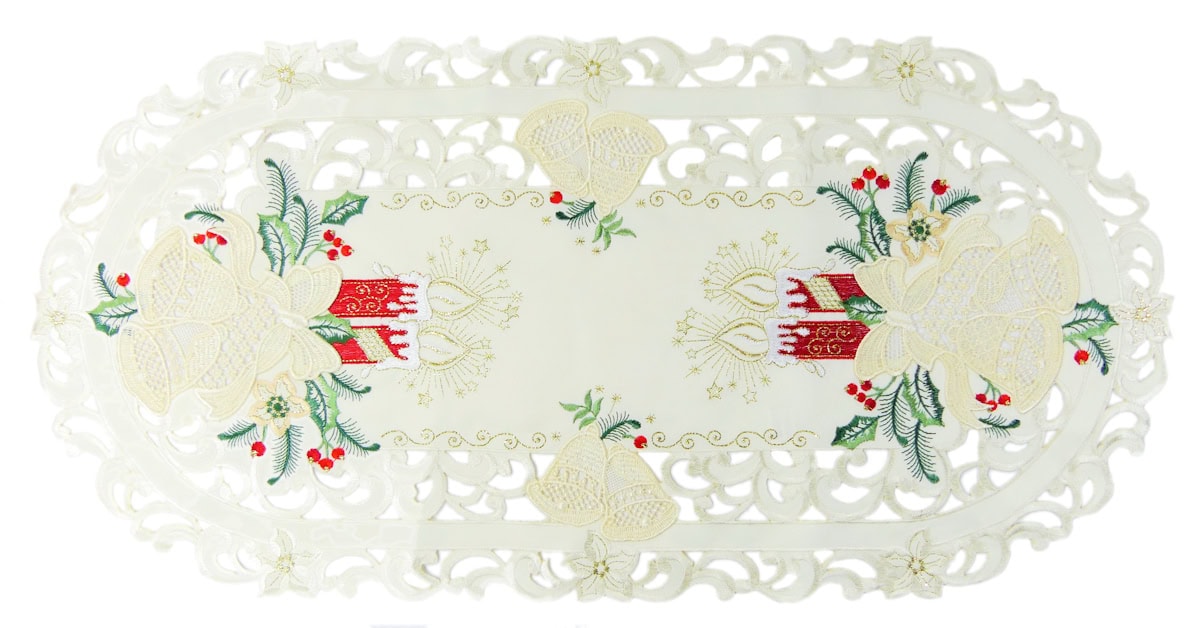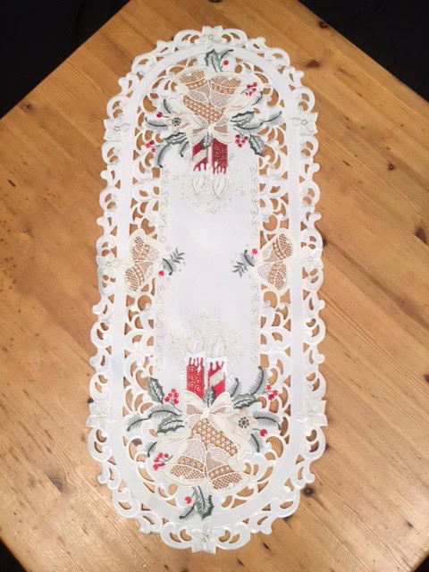 Tafelloper- Linnenlook – Kerst – Crèmekleur met rode kaars – Kaarsen en Bellen – Loper 70 cm
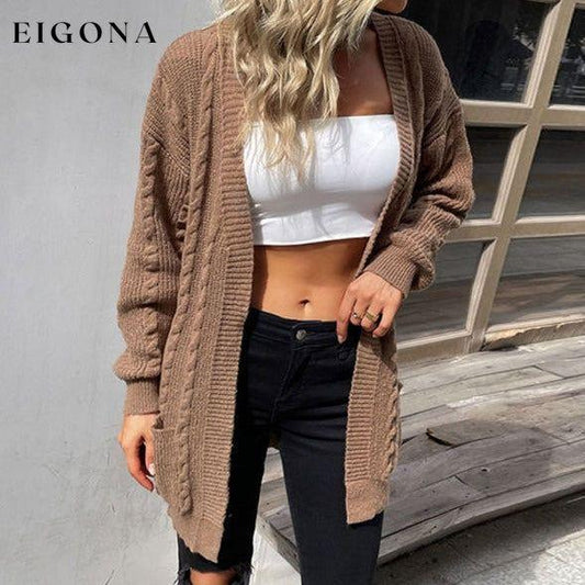 Gewebter, vorne offener Cardigan mit Zopfmuster und Vordertaschen
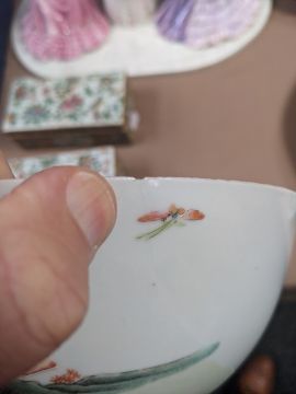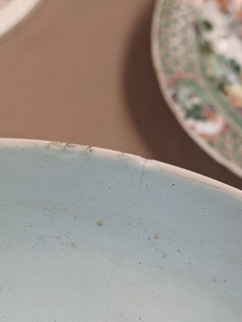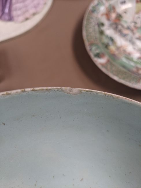 Comments: interior blue enamel very worn in places and possibly re-enamelled, some hairline cracks and chips
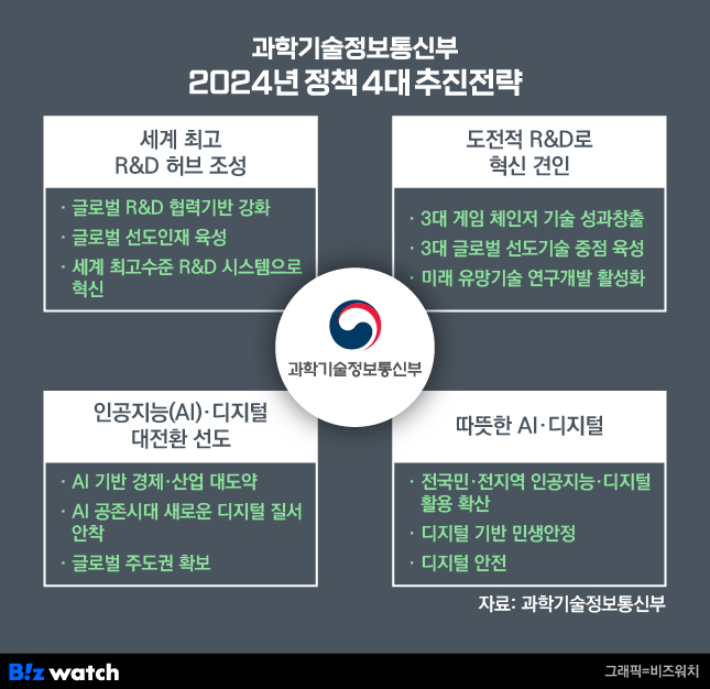 과학기술정보통신부는 2024년 주요 정책 추진계획을 발표하며, 디지털 혁신 및 국가 연구개발(R&D) 제도 개선에 중점을 두었습니다.
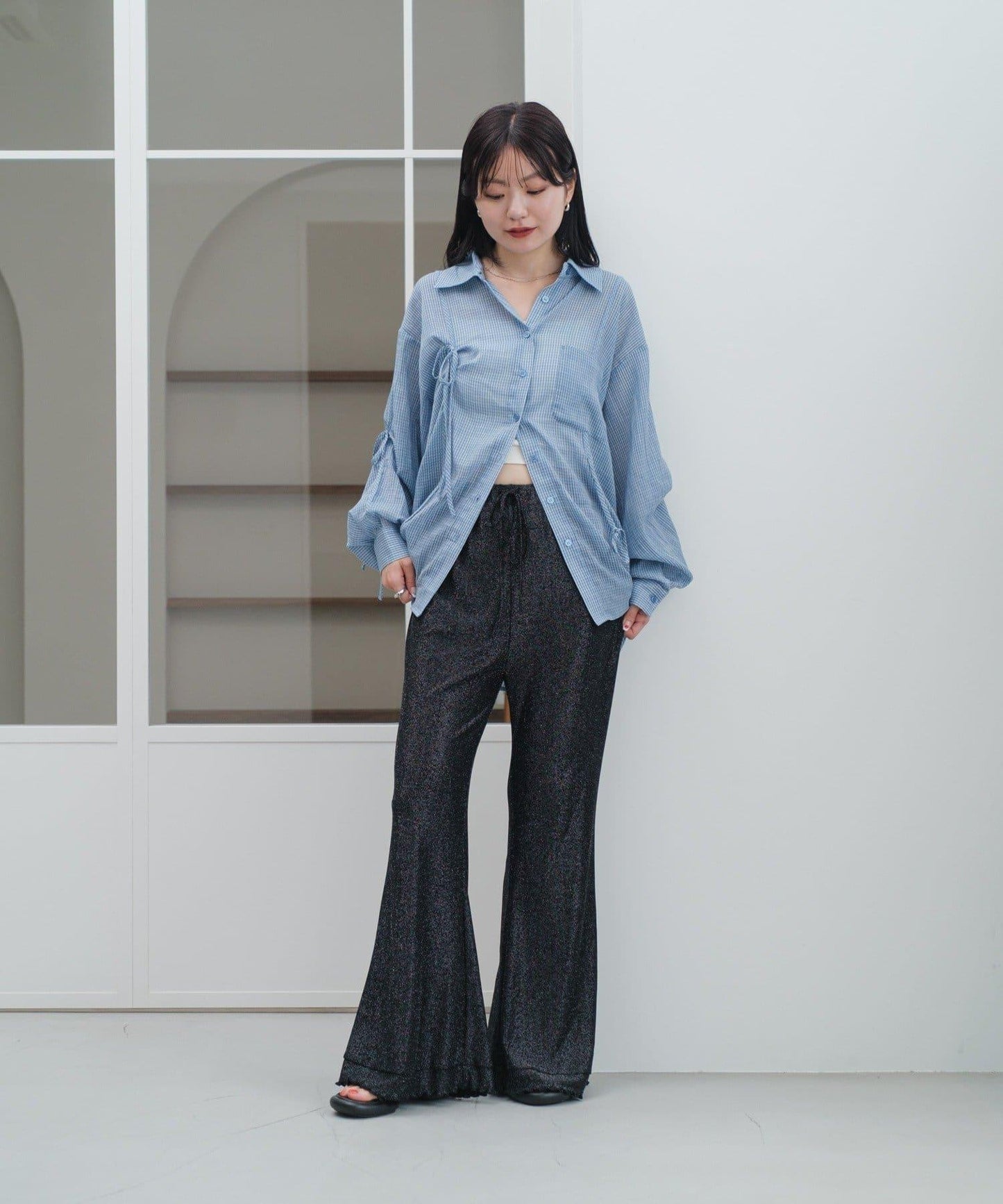 帶有華麗光澤和墜落效果的垮褲,讓您的雙腿更顯優美。
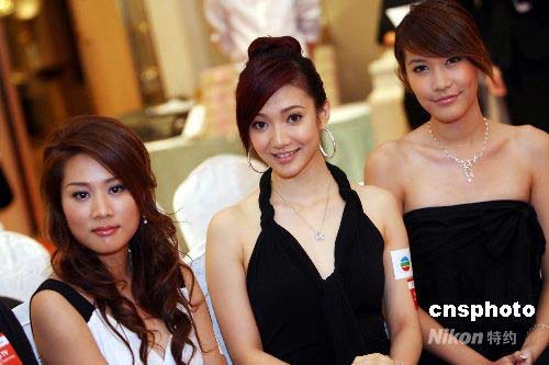 七月十五日,港姐張嘉兒(左)、王君馨(中)、周美欣盛裝出席在香格里拉酒店舉行的迪斯尼ABC與無線電視簽約啟動儀式。當日,迪斯尼ABC國際電視與香港無線明珠臺攜手合作推出“明珠節(jié)目網(wǎng)上追”英文頻道,向公眾免費提供追看電視服務。中新社發(fā) 洪少葵 攝
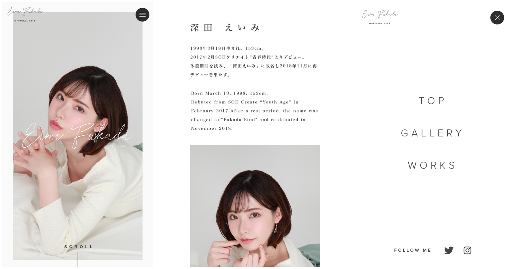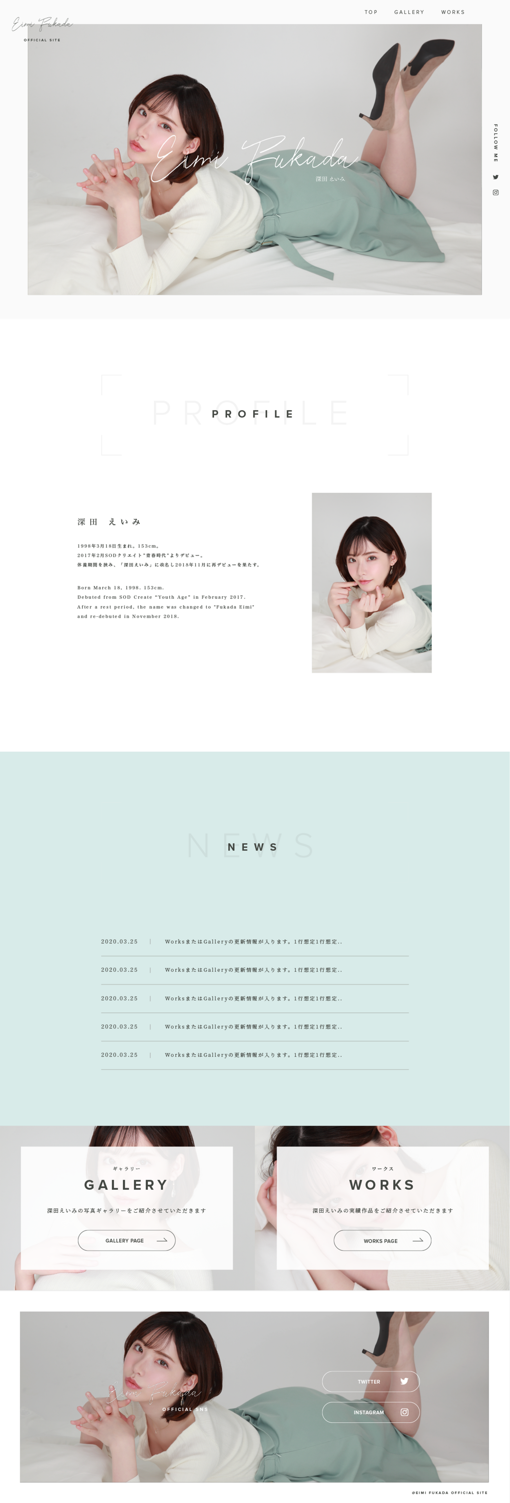 深田えいみさんのブランディングの一環としてオフィシャルサイトを新規で制作させていただきました。PMは株式会社カイユウ様、弊社ではアートディレクション、ディレクション、デザインを担当させていただきました。
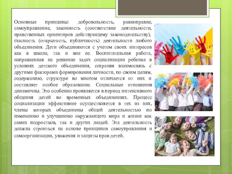 Дети объединяются с учетом своих интересов как в школе, так и вне ее. Воспитательная работа, направленная на решение задач социализации ребенка в условиях детского объединения, сохраняя взаимосвязь с другими факторами формирования личности, по своим целям, содержанию, структуре во многом отличается от них и составляет особое образование. Социальные отношения динамичны. Это особенно проявляется в период интенсивного общения детей во временных объединениях. Процесс социализации эффективнее осуществляется в тех из них, члены которых объединены общей деятельностью по изменению и улучшению окружающего мира и жизни как самих подростков, так и других людей. Эта деятельность должна строиться на основе принципов самоуправления и самоорганизации, уважения и защиты прав детей.

» **TASK REQUIREMENTS**
Leave out each picture and extract the lines from the one containing "深田えいみさんのブランディン" through the end of the records above, inclusive, exactly as they stand.

» **RESULT OF THIS EXERCISE**
 深田えいみさんのブランディングの一環としてオフィシャルサイトを新規で制作させていただきました。PMは株式会社カイユウ様、弊社ではアートディレクション、ディレクション、デザインを担当させていただきました。
 Дети объединяются с учетом своих интересов как в школе, так и вне ее. Воспитательная работа, направленная на решение задач социализации ребенка в условиях детского объединения, сохраняя взаимосвязь с другими факторами формирования личности, по своим целям, содержанию, структуре во многом отличается от них и составляет особое образование. Социальные отношения динамичны. Это особенно проявляется в период интенсивного общения детей во временных объединениях. Процесс социализации эффективнее осуществляется в тех из них, члены которых объединены общей деятельностью по изменению и улучшению окружающего мира и жизни как самих подростков, так и других людей. Эта деятельность должна строиться на основе принципов самоуправления и самоорганизации, уважения и защиты прав детей.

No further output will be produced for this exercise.